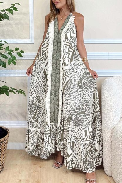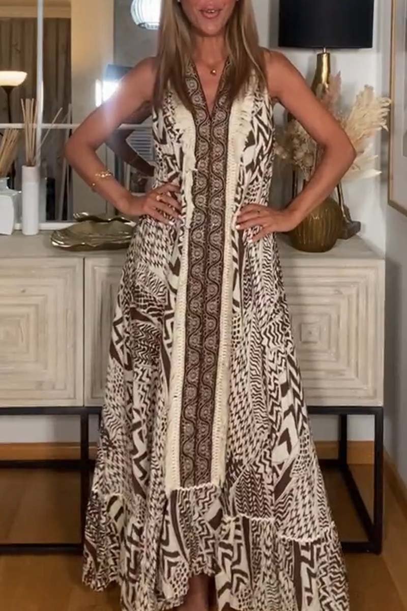 Women's holiday ethnic print suspender Dress
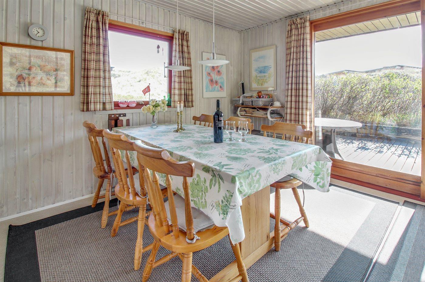 Ferieboligen er beliggende på en 1400 m² stor klitgrund. Der er 400 m til havet. Der er 4000 m til fjorden. Nærmeste forretning er beliggende i en afstand af 500 m. Til ferieboligen hører 60 m² terrasseareal. Desuden er der 8 m² overdækket terrasse. Der er redskabsrum. Gynge. Shelter. Parkering ved ferieboligen.
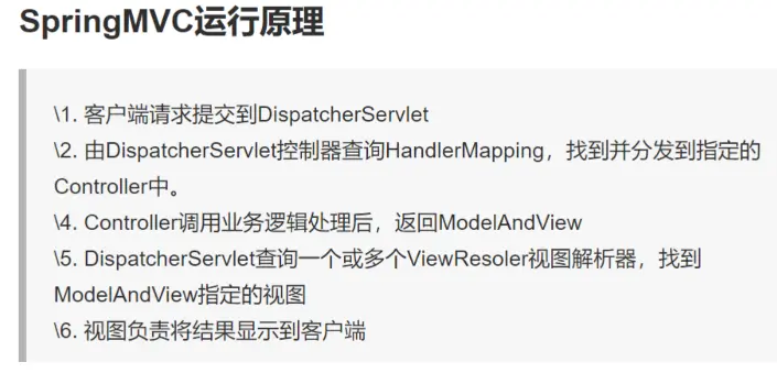 1、一个请求匹配前端控制器 DispatcherServlet 的请求映射路径(在 web.xml中指定), WEB 容器将该请求转交给 DispatcherServlet 处理
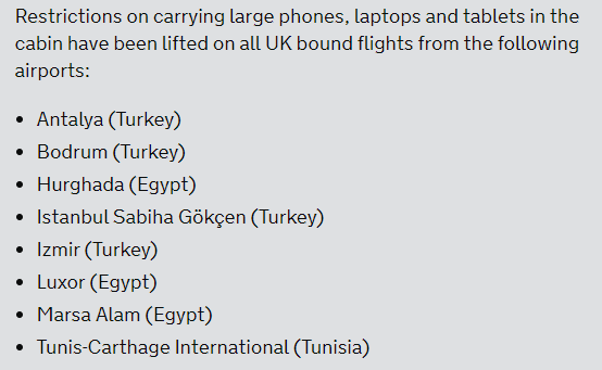 İngiltere Dışişleri Bakanlığı’nın internet sitesinden yaptığı duyuruya göre, İngiltere, Türkiye, Mısır ve Tunus’tan gelen çoğu uçuştaki elektronik eşya yasağını kaldırdı.
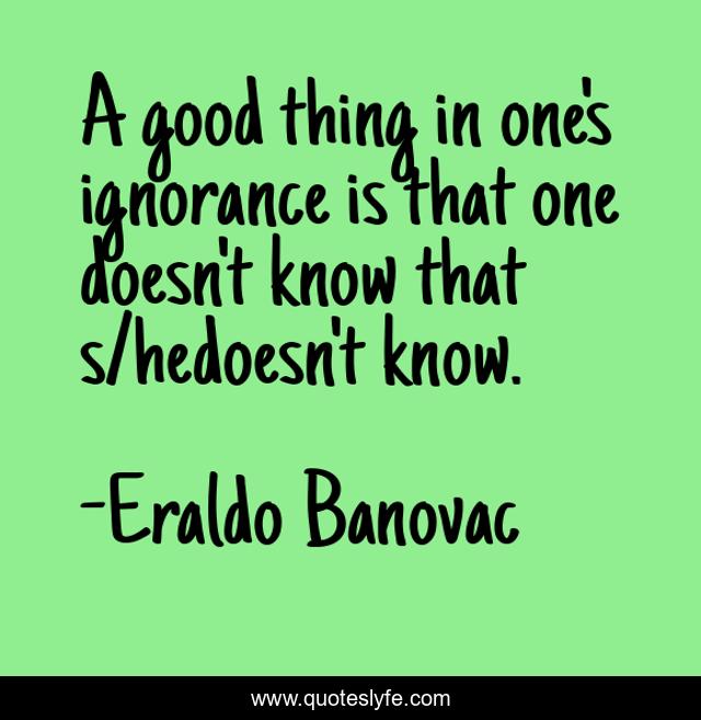 "Eraldo Banovac Quotes." Quoteslyfe.com, 2025. Sun. 07 Dec. 2025. <https://www.quoteslyfe.com/quote/A-good-thing-in-one-s-ignorance-166608>.

-=-=-=-=-

Copy all the entries word for word. Omit any pictures.

[Expected answer]
 Women's holiday ethnic print suspender Dress
 Ferieboligen er beliggende på en 1400 m² stor klitgrund. Der er 400 m til havet. Der er 4000 m til fjorden. Nærmeste forretning er beliggende i en afstand af 500 m. Til ferieboligen hører 60 m² terrasseareal. Desuden er der 8 m² overdækket terrasse. Der er redskabsrum. Gynge. Shelter. Parkering ved ferieboligen.
 1、一个请求匹配前端控制器 DispatcherServlet 的请求映射路径(在 web.xml中指定), WEB 容器将该请求转交给 DispatcherServlet 处理
 İngiltere Dışişleri Bakanlığı’nın internet sitesinden yaptığı duyuruya göre, İngiltere, Türkiye, Mısır ve Tunus’tan gelen çoğu uçuştaki elektronik eşya yasağını kaldırdı.
 "Eraldo Banovac Quotes." Quoteslyfe.com, 2025. Sun. 07 Dec. 2025. <https://www.quoteslyfe.com/quote/A-good-thing-in-one-s-ignorance-166608>.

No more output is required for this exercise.